Added
- Added `SpanMarkerModel.generate_model_card()` method to get a model card string.
- Added `SpanMarkerModelCardData` that should be passed to `SpanMarkerModel.from_pretrained` with additional information like
- `language`, `license`, `model_name`, `model_id`, `encoder_name`, `encoder_id`, `dataset_name`, `dataset_id`, `dataset_revision`.
- Added `transformers` `pipeline` support, e.g. `pipeline(task="span-marker", model="tomaarsen/span-marker-mbert-base-multinerd")`.
Changed
- Heavily improved automatic model card generated.
- Evaluating outside of training now returns per-label outputs instead of only "overall" F1, precision and recall.
- Warn if the used tokenizer distinguishes between punctuation directly attached to a word and punctuation separated from a word by a space.

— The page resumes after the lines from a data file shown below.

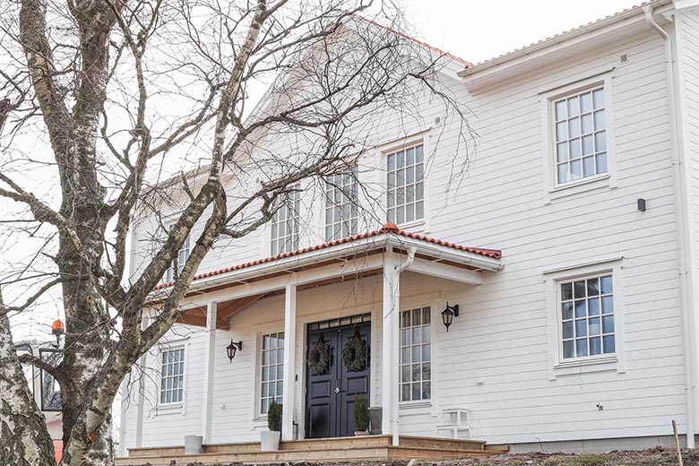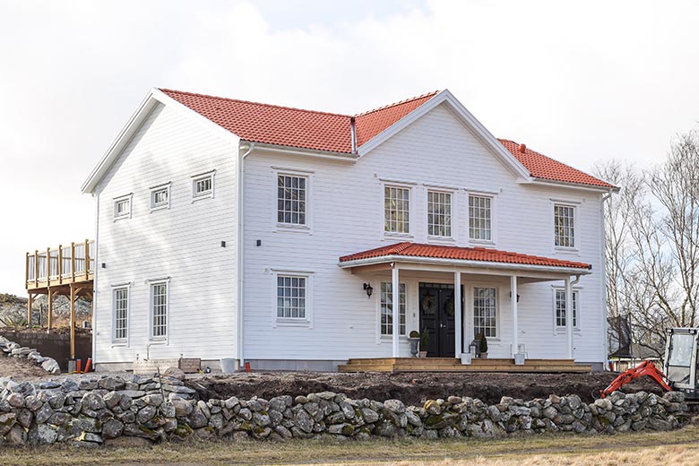 “Allt kring själva huset har gått hur bra som helst, och det har varit enkelt att arbeta med Alingsås Huspaket. Dels fick vi vägledning i vad vi kunde göra själva för att komma ner i pris, och vi kunde alltid få svar på våra frågor över telefon eller mail. Innan vi gjorde beställningen hade vi ett kompletteringsmöte hos Alingsås Huspaket där vi gick runt i deras showroom för att välja spröjs, lister, trappa och mycket mer. Jag tyckte att det var mycket val men jag tröttnade faktiskt aldrig”, säger Carolina.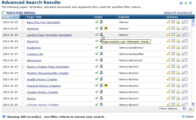 The State column indicates status for each page in this report. A green check mark indicates currently active pages. This column also includes user or group ownership status (where applicable). Mouseover to view owner details. State also displays standard CommonSpot Work In Progress and Approval Icons. A page may display one or more of the following: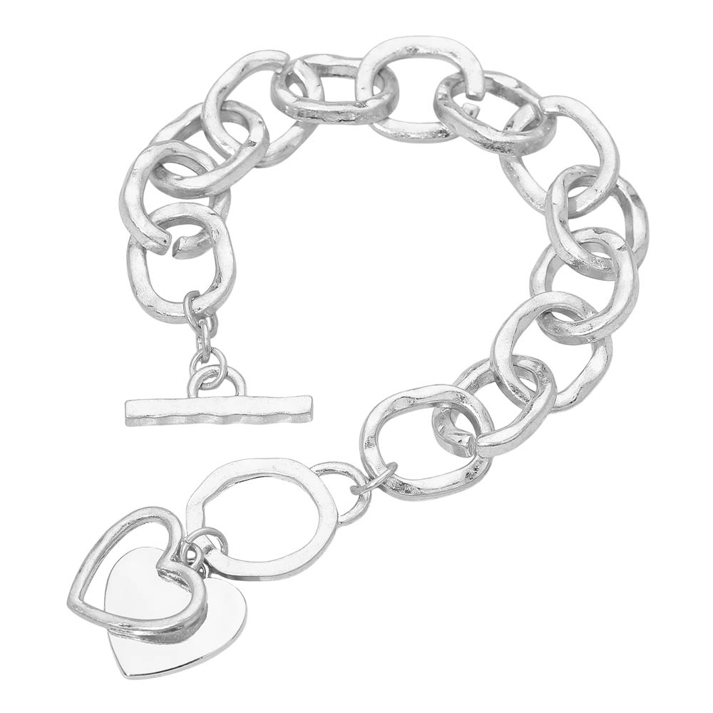 Hammered Layered Heart Charm Chunky Chain Toggle Bracelet Hammered Layered Heart Charm Chunky Chain Toggle Bracelet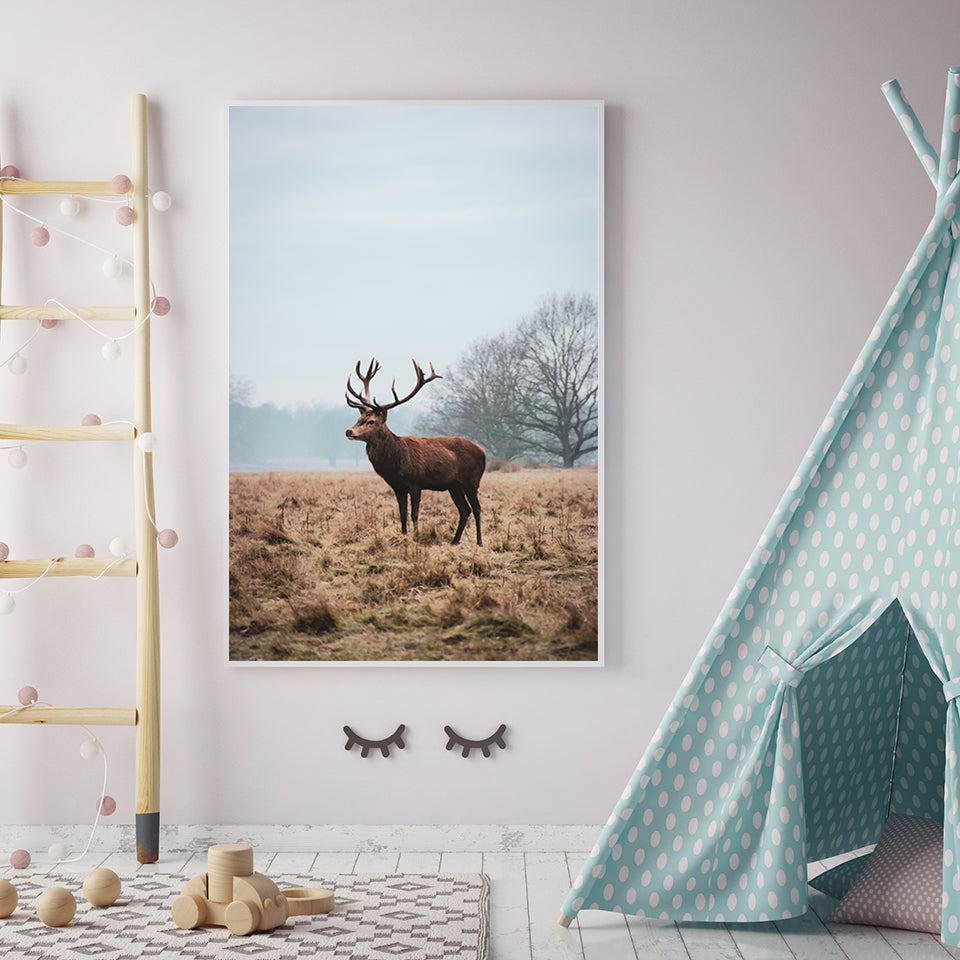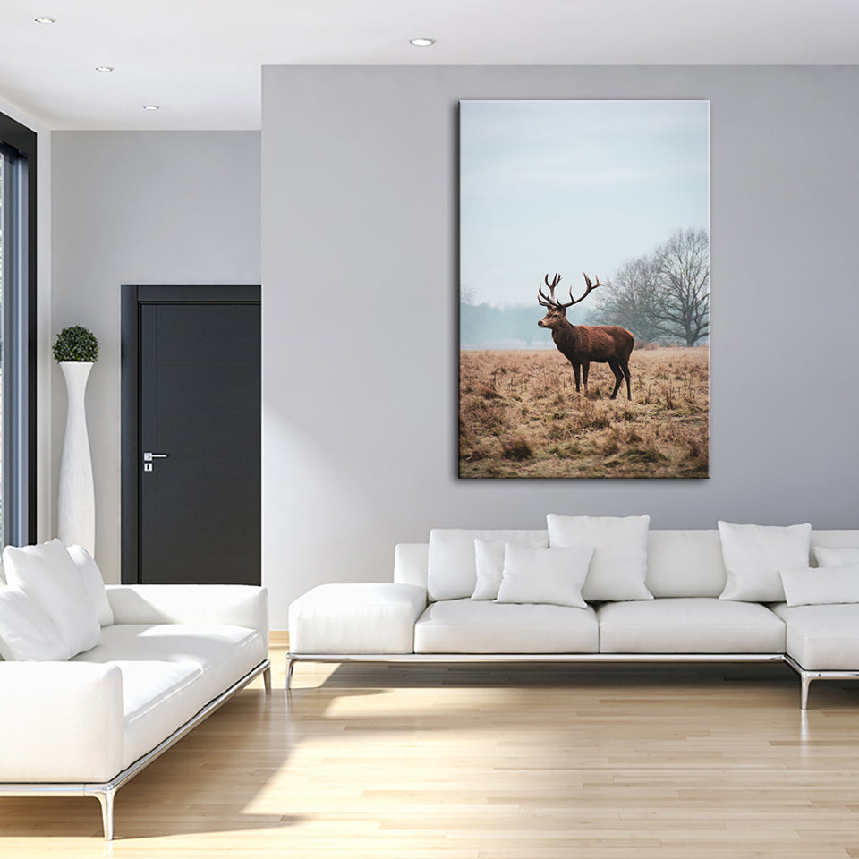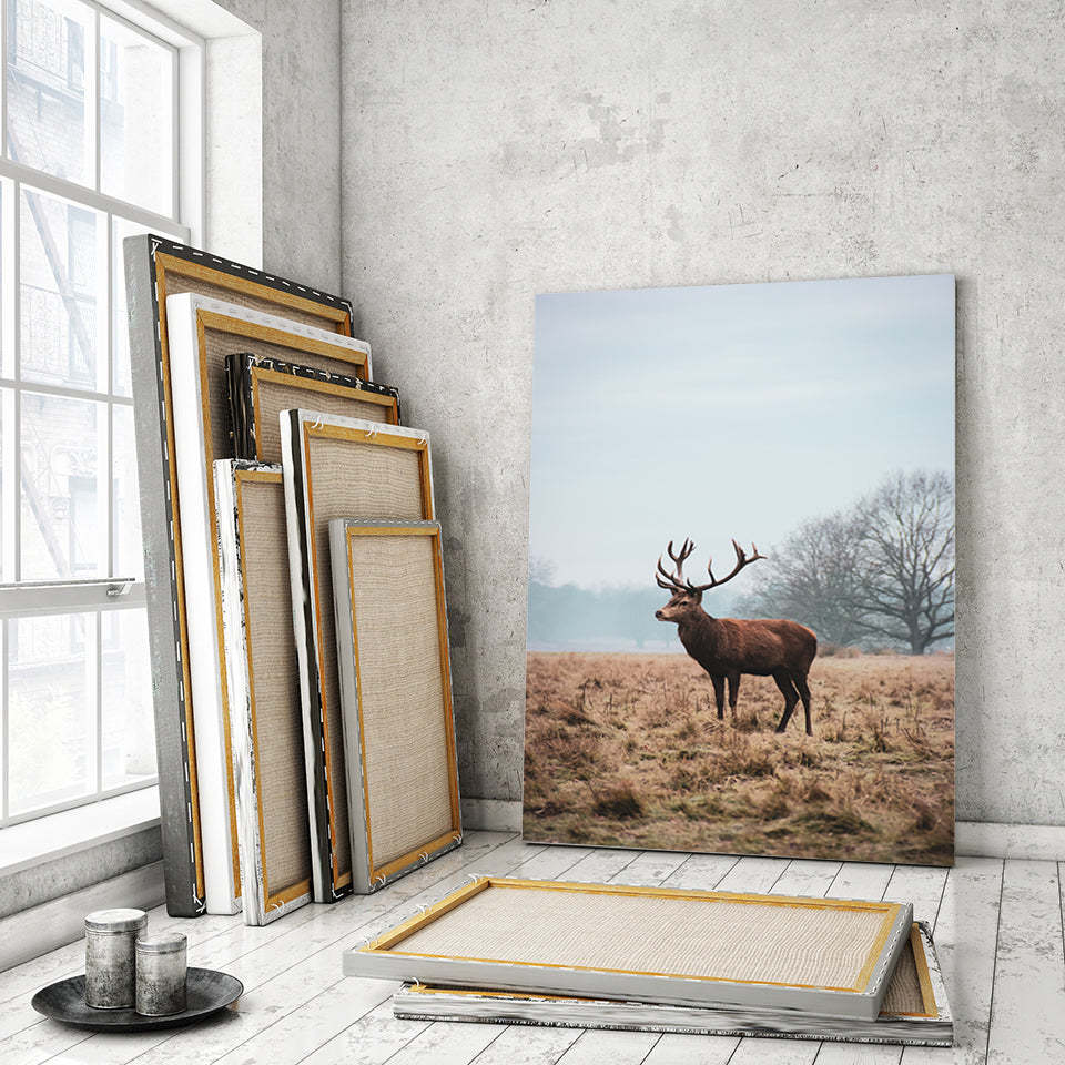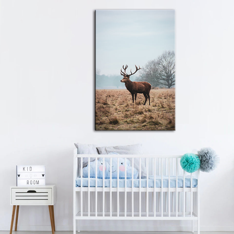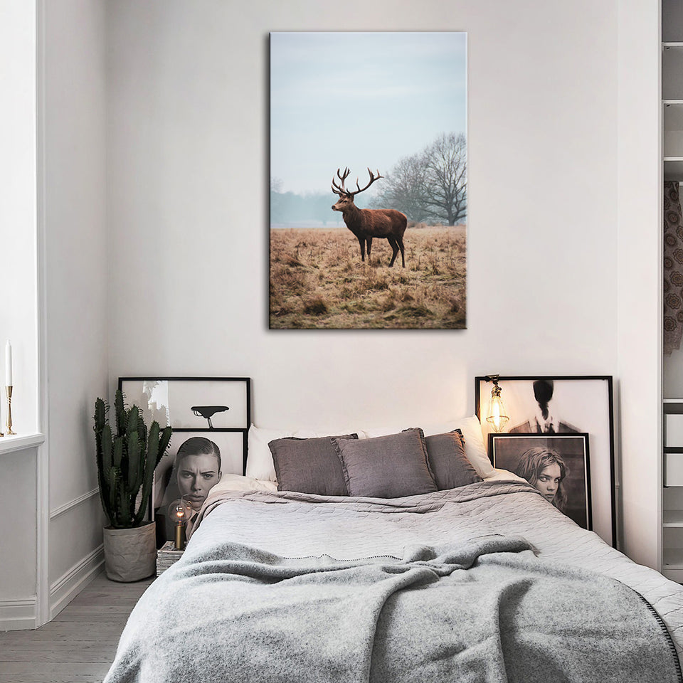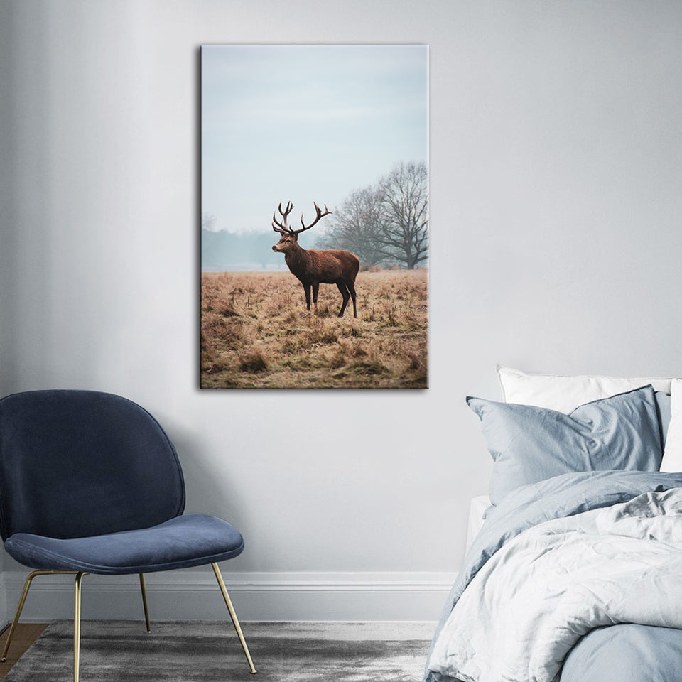 Regal Deer in the Plains - Canvas Wall Art Painting is a premium canvas that adds a thoughtful touch to your décor. The canvas features an majestic deer stood before a pastel blue sky in an open field.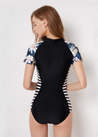Pickering Stripe Floral Swimwear Subject to 0.5-1inch / 2-3cm difference. Material composition: Polyester, Spandex Swimwear Type: 1 Piece Material: Chinlon Bra Style: Padded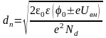 Объединив эти результаты, получим зависимость толщины приконтактного слоя в полупроводнике от внешней разности потенциалов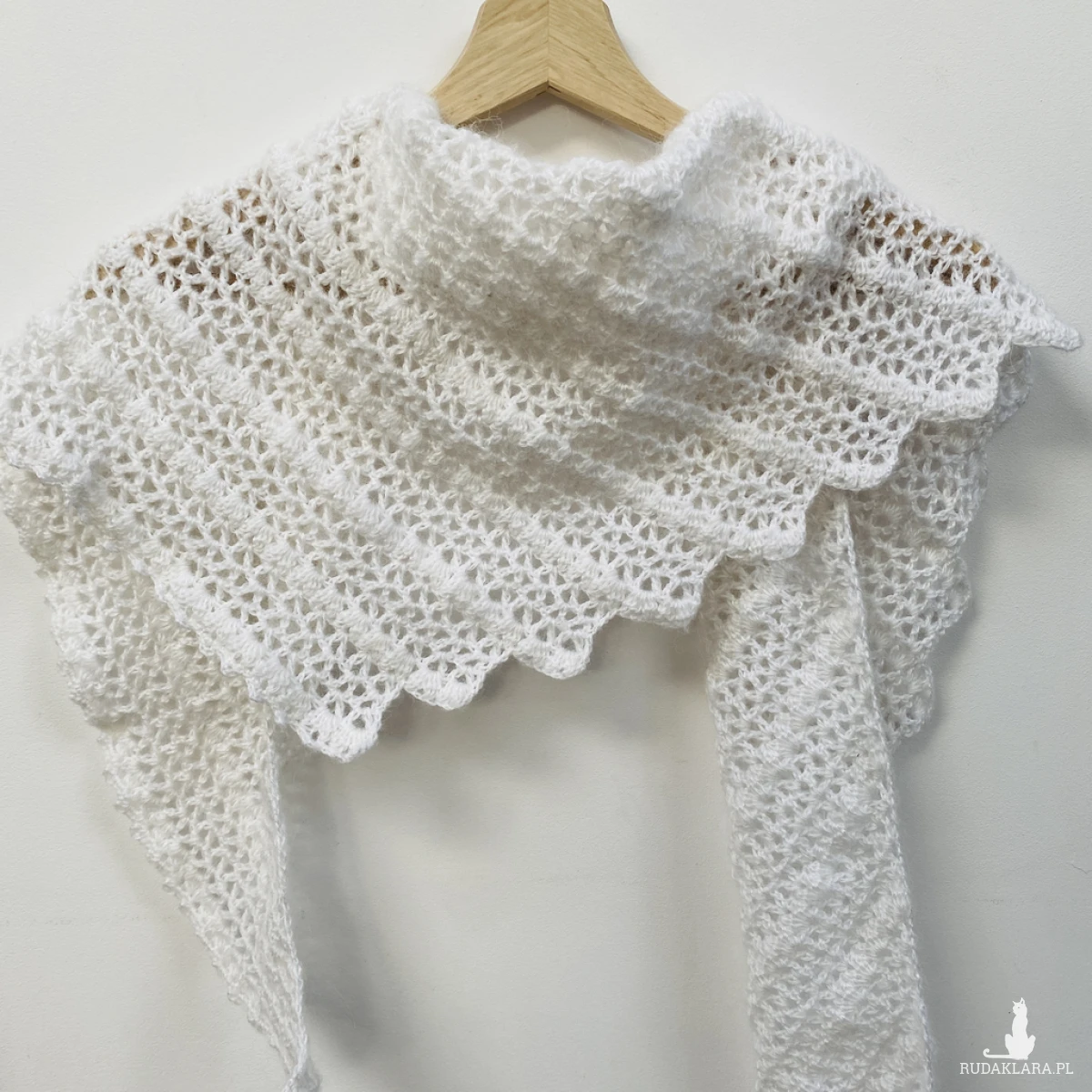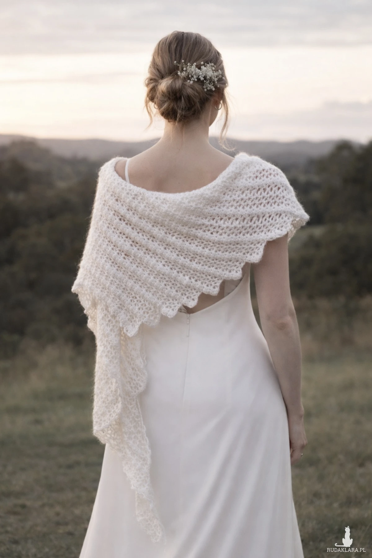 Delikatną, lekką etolę ślubną wykonałam ręcznie na szydełku z miękkiej włóczki Papatya Angora z subtelnym włoskiem. Klasyczna biel pięknie rozświetla stylizację i harmonijnie współgra z suknią ślubną – zarówno minimalistyczną, jak i romantyczną.

- If so, then inference of that model will require the punctuation to be split from the words.
- Improve label normalization speed.
- Allow you to call SpanMarkerModel.from_pretrained with a pre-initialized SpanMarkerConfig.
Deprecated
- Deprecated Python 3.7.
Fixed
- Fixed tokenization mismatch between training and inference for XLM-RoBERTa models: allows for normal inference of those models.
- Resolve niche bug when TrainingArguments are not provided.